Fantasy and Science Fiction, December 2002

Sean McMullen. Walk to the Full Moon.

In mainland Spain a young girl is found in the countryside – evidently feral and most definitely cranially deformed. But what is the true story behind her, and how did she come to be found in largely rural countryside?

A young linguist is brought in to communicate with the frightened girl. He manages to gather her trust over several nights, and establishes a rapport and begins to communicate with her. And then the simplest, if least plausible, answer is found – she is a hominid.

With shades of King Kong, the young girl is about to be publicly put on show, but the young scientists flees with her. The linguist, and the reader, is shocked when the girl, under threat, simply disappears.

It transpires that she is part of a hominid tribe with the ability to walk forward in time – and the linguist has a choice to make.

The twist at the end of the story is somewhat sudden, and rather misses the chance to explore the budding relationship in more detail.

Ray Aldridge. Soul Pipes.

A SF/horror story – with a somewhat filmic feel to it. A scientific mission on Graylin IV is trying to find out what happened to colonists, whose presence has been virtually wiped clean from the planet.

The creeping horrors appear – nocturnal nightmares summoned, it would seem, from the dark recesses of the scientists. One by one the crew succumb to the madness, and are killed in a variety of cruel ways.
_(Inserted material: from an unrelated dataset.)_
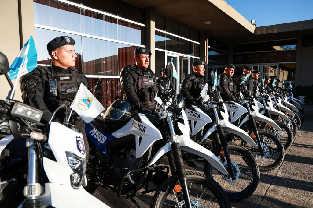 La incorporación de camionetas y motocicletas permitirá reforzar el patrullaje y la capacidad operativa de las fuerzas de seguridad en todo el territorio provincial.

Only one scientist, his own imagination scrubbed prior to the mission, is evidently immune.

The colonists were Jamaican refugees – and it is the ganja that has gone several steps beyond the paranoia that smoking pot often causes (or so I am reliably informed) which is the root of their nightmarish downfall.

Macabre in places, and the story is actually of a lower level than the high standard of story-telling and the backstory.

Gene Wolfe. Under Hill.

Wolfe’s stories generally give pause for thought, although in this case my thought was: ‘Was this really written by Gene Wolfe?’

A knight from ye court of King Arthur is travelling far, in search of a fabled glass hill. He duly finds it, and also the damsel most fair entrapped in the castle atop said hill.

By cunning, and use of labourers, the Princess is rescued and ergo the knight eligible for her fair hand.

It then transpires that ye evil wizarde who placed the Princess in her predicament is in fact from the far future, and his Cunning Plan is to rewrite the course of (his) history by leaving A Fearsome Weapon in (his) past.

The knight takes the weapon, but disposes of it in a river at the first opportunity.

And that’s pretty much it folks – which isn’t something you would generally find yourself saying about a Gene Wolfe story.

Jerry Oltion. The Unfamiliar.

A young man inherits an elderly relative’s house, but finds that it comes with what at first appears to be a lap-dog. It transpires that it is in fact the ‘familiar’ of his departed relative, who was a (fairly domesticated and suburban) witch.

Ron Goulart. The Woman in the Mist.

A further story about one Harry Challenge, a Victorian ghost-buster. Some of Goulart’s humourous stories I like, some I don’t. This felt a little forced to me, and came into the latter category.

Conclusion.

A so-so issue. Nothing outstanding, and a bit of a step down from last month’s issue.